News regarding the gold market, including the impact of war in Ukraine and developments in the rest of the region.

By Mark S. Kuhar

According to GlobalData, one of the impacts of Russia invading Ukraine on global commodity markets has been a rise in prices of several metals including gold, due to its position as a safe haven, and nickel, due to supply concerns. 

In the equity markets, shares of several mining companies operating in Russia and Ukraine such as ALROSA, Evraz, Ferrexpo and Polymetal International, were slashed and the ruble depreciated against the U.S. dollar as the war began.

In retaliation, Japan, the EU, the UK, and the United States have introduced sanctions against Russia. However, so far mining operations do not appear to be impacted. 

Polymetal and Kinross both reported that their operations remain unaffected and continue as usual. Kinross stated that the majority of procurement is within Russia and, “Approximately 98% of the employees of Kinross’ Russian subsidiaries are Russian locals, and given the ice road supply season, its operations have a full year of supplies on hand.” 

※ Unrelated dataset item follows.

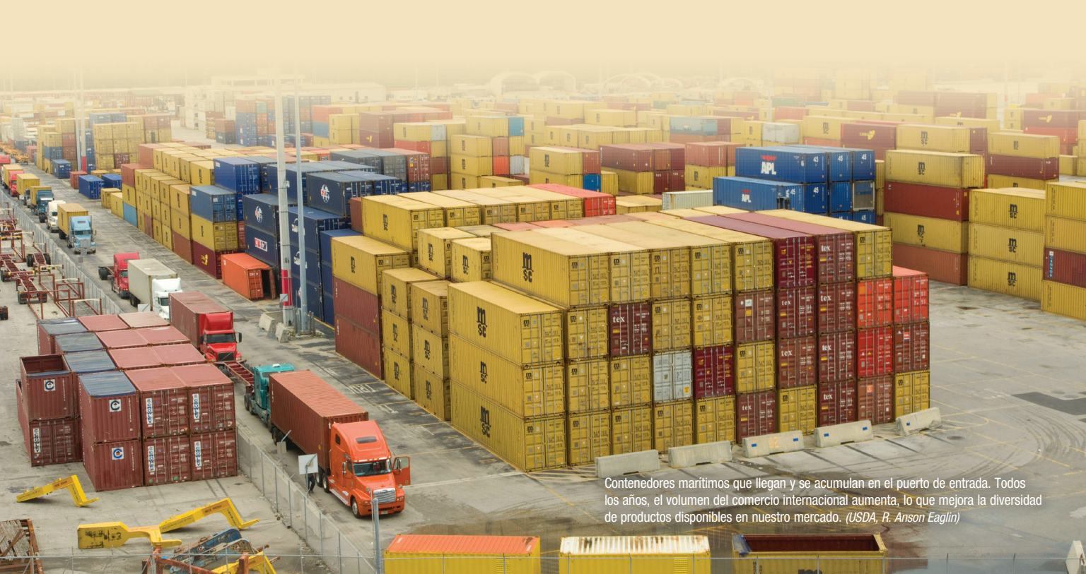
Contenedores marítimos que llegan y se acumulan en el puerto de entrada. Todos los años, el volumen del comercio internacional aumenta, lo que mejora la diversidad de productos disponibles en nuestro mercado.

Un brote de una sola plaga o enfermedad de una planta exótica puede tener un impacto devastador en nuestra fuente de alimentos y nuestros recursos naturales. Incluso un pequeño incidente puede tener una reacción en cadena y producir un aumento en los precios de los productos agrícolas. Las estaciones de inspección de plantas del USDA, localizadas cerca o dentro de los principales aeropuertos, puertos y fronteras internacionales de EE. UU. son una gran línea de defensa en la lucha contra plagas y enfermedades invasivas.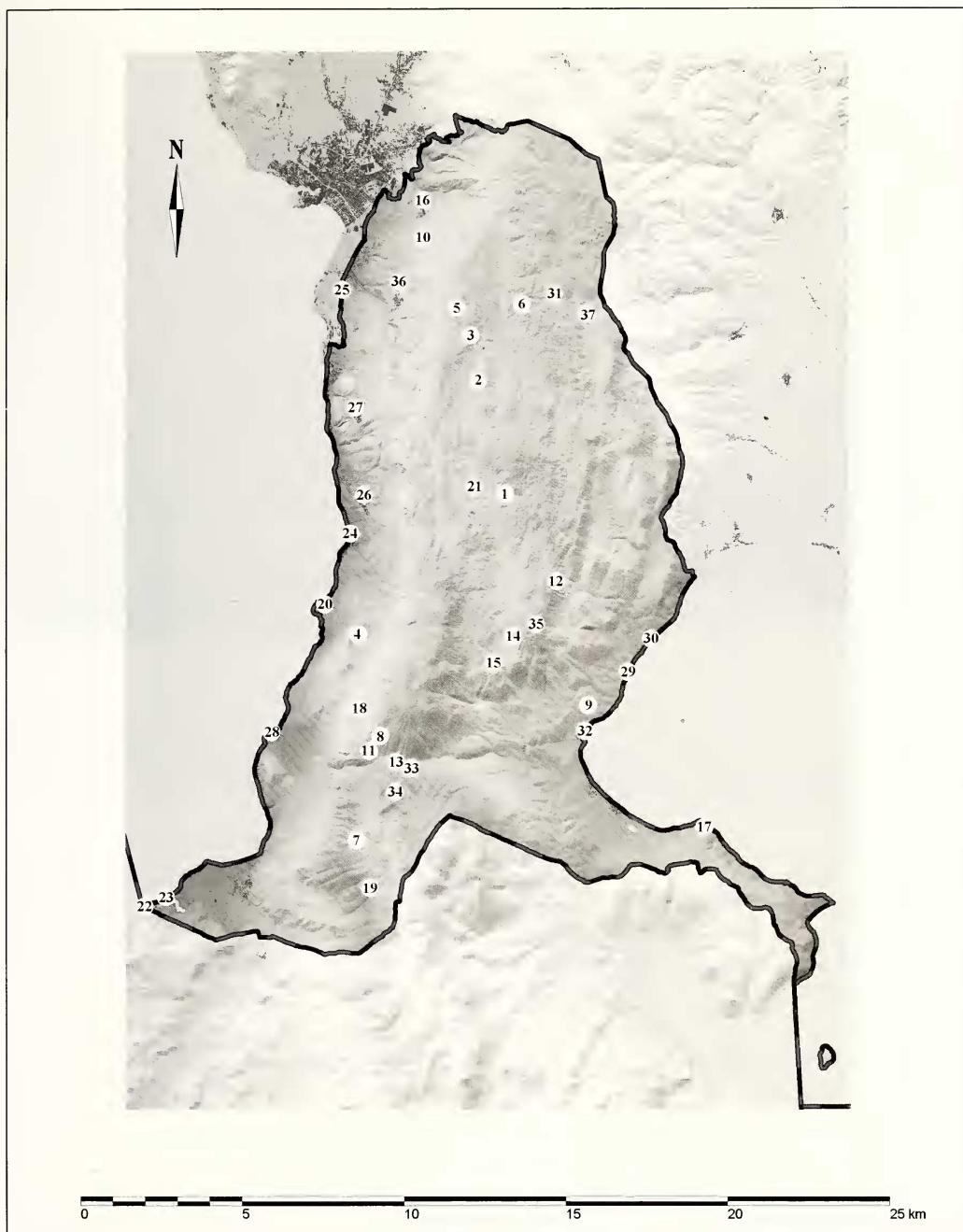
Fig. 3. Localities referenced.

Konjski Merizi, Zdravec, 25.06.2009, P. Jakšić; Galičica Mt.: Asandura (Šarboica), 26.06.2009, M. Ivanov; Galičica Mt.: Glajša, 27.06.2009, 1000 m, V. Krpač; Oteševo: Grnčarska Kolonija, 28.06.2009, V. Krpač; Galičica Mt.: Tri Bora, 28.06.2009, V. Krpač; Galičica Mt.: v. Stenje to v. Konjsko, 28.06.2009, V. Krpač.

It also refines its gold produced in Russia within the country. Polymetal has also advised that: “Contingency planning has been initiated proactively to ensure business continuity, including the selection of key equipment suppliers, liquidity management, debt portfolio diversification and securing sales channels.” The company has reiterated its production guidance for the year.

However, there is expected to be a significant impact on the mining industry’s supply chain, as Russia is among the top three producers of diamond, gold, platinum group metals (PGMs), and nickel. It is also a key supplier of seaborne and met coal (to European markets), iron ore, and aluminum.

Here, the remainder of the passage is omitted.